Yazar Nebahat Arslan, Radyo Sputnik'e verdiği demecinde, ilgisinin sebebi, kitap üzerine çalıştığı sürede hangi kaynaklardan yararlandığı ve savaşın Türk-Rus ilişkilerini nasıl etkilediğini anlattı:
“Bu konuyu doktora tezi olarak çalıştım. Tez danışmanım da Rusya’daki Türk esirler üzerine çalışmıştı. Bu konuda 5 sene çalıştım ve çok zevk aldım; çok güzel bir konu. Rus askerlerinin yarısı, savaş alanında gönüllü olarak Türk ordusuna esir oluyor. Birinci Dünya Savaşı'nda Kafkas cephesinde, hem Bolşevik devriminin gerçekleşmesi, hem de salgın hastalıklardan dolayı, Rus ordusunda bir çözülme var. Türk ordusunda da var aynı şekilde. Rus esirler için birçok talimatname hazırlıyoruz. Önce karantinaya alınıyor bu askerler; salgın hastalık gibi bir tehlike var mı diye… Onları belli esir merkezlerinde topluyoruz: Erzurum ve Sivas gibi. Daha sonra onları, esir kamplarına gönderiyoruz. Subaylar, üst düzey askerler ayrı ayrı gönderiliyor. Türkiye’de kaldıkları 4 yıl sürede, Kızılhaç ve Kızılay’ın onlara yardım ettiğini, mektup ve paralarının, Rusya, Cenevre ve İstanbul bağlantılı olarak yapıldığını biliyoruz. 4 yıl sonra da Rusya ile yaptığımız anlaşmaya göre, savaş sonunda esirleri teslim ettik. Yaptığım incelemelere göre, Türkiye’de 26 bin civarında Rus esir vardı.
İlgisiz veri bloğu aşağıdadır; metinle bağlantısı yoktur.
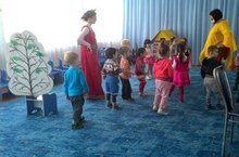 Сегодня состоялось развлечение в 1 младшей группе, целью которого являлось развитие способности детей испытывать удовольствие от встречи с литературными произведениями (Курочкой рябой и Весны), радость эмоционального сотрудничества и сопереживания, проявлять самостоятельность и активность. В развлечении активное участие приняли студенты педагогического училища: Сухалова Евгения и Дарья Михайлова. Особую радость дети испытали от сюрпризного момента, где Курочка высадила золотое яйцо с сюрпризом.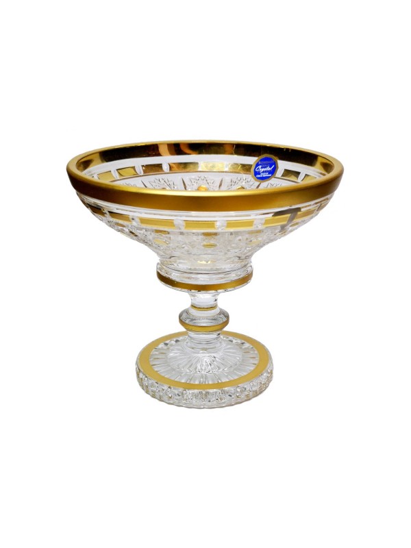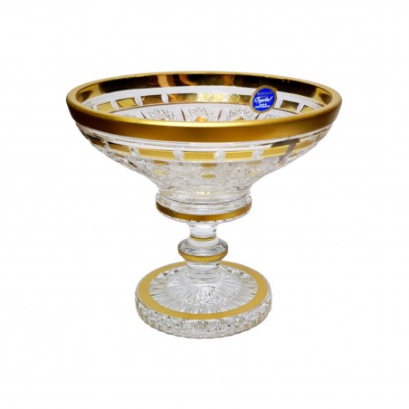 Mísa na noze (= nástolec) zdobená oblíbeným brusem PK 500 (57001) a zlatem. Vhodné k dekoračním účelům, oblíbené zejména v zahraničí. Velikost mísy je 30,5 cm.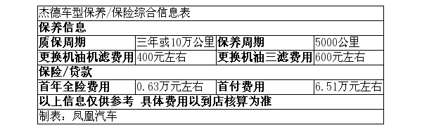 保养费用:杰德车型享受三年或10万公里整车质保。常规保养周期为每5000公里更换一次机油、机滤,费用在400元左右。更换机油、三滤的费用在600元左右,此保养费只作为参考依据,因为不同的保养材料会造成保养费用的差异。具体费用根据车型不同以到店核算为准。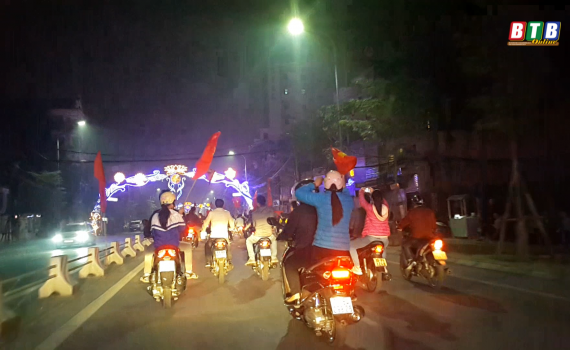 Ngay sau chiến thắng của đội tuyển U23 Việt Nam trước U23 Iraq, tại các tuyến phố chính của thành phố Thái Bình như Lê Lợi, Hai Bà Trưng, Trần Hưng...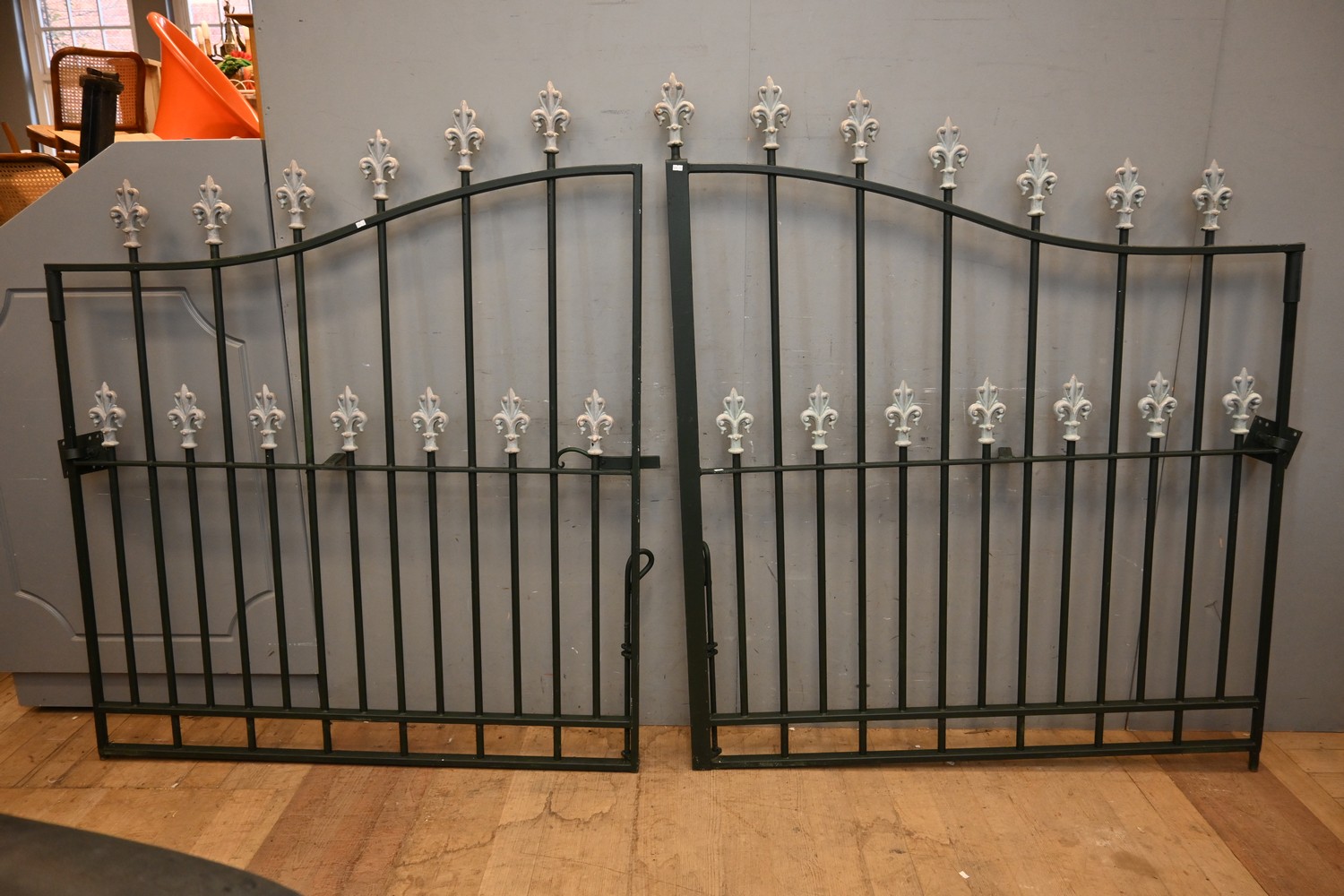A LARGE PAIR OF PAINTED IRON GATES (174H X 296W CM) (PLEASE NOTE THIS HEAVY ITEM MUST BE REMOVED BY CARRIERS AT THE CUSTOMER'S EXPENSE. LEONARD JOEL STAFF CANNOT ASSIST CARRYING THIS ITEM) (X-LARGE ITEM)

Kaynak olarak, Türkiye’deki arşivleri kullandım. Başbakanlık Osmanlı arşivi, Kızılay ve Genelkurmay Başkanlığı'nın arşivini de kullandım. Ayrıca yazılmış hatıratlar var; o anıları, Türkiye’de çıkan gazeteleri kullandım. Zannediyorum Sankt Petersburg’daki arşivde de faydalı kaynaklar varmış ama onlardan fazla yararlanamadım. Kitabımın Rusça'ya çevirilip yayınlanmasını çok isterim. Bir de Rusça evraklarını ele alarak, bu çalışmaya devam etmeyi isterim.
Tabii ki Rusya ve Türkiye, çarpışan iki ülkeydi ama esirler konusunda durum farklı. Bir Türk subay, Ruslara esir düşüyor. Türk askerleri bir köyden geçerken, bir Rus anne, onlara ekmek ve su uzatıyor. Diğer köylüler, 'sen niye esirlere iyi davranıyorsun?' diye soruyor. O da diyor ki; Benim oğlum Türkiye’de şu anda esir ve bana yazdığı mektupta, Türkiye’deki görevlilerin çok iyi davrandığını yazıyor. Ben de o nedenle Türk esirlere ekmek ve su veriyorum. Yani anneler, Rus da olsa, Türk da olsa, annedir. Esirler, Türk da olsa, Rus da olsa, esirdir. O ilişki çok güzel… O yüzden savaş, halklar arasında değil, devletler arasında oluyor. Halklar kesinlikle düşman değil, onlar dost. Askerler esir olduktan sonra bize emanet, yani onlara bütün imkanları kullanarak çok iyi davranıyoruz. Rus esirlerinin annelerine yazmış olduğu güzel mektuplarda bunu görebiliriz. Mesela, ‘anneciğim ben hastanede yatıyorum, bana iyi davranıyorlar, sıcak çorba, sigara veriyorlar’ diye yazıyorlar… Onun için ben, Türk-Rus ilişkilerine, esirlerin de önemli katkıda bulunduğunu düşünüyorum. Rus esirler muhtemelen, gittikten sonra da Türkleri çok iyi anlattılar. Türk-Rus ilişkileri ve birbirimizi tanımamız açısından savaş tabii kötü bir şey ama neticesi de bazen iyi olabiliyor”.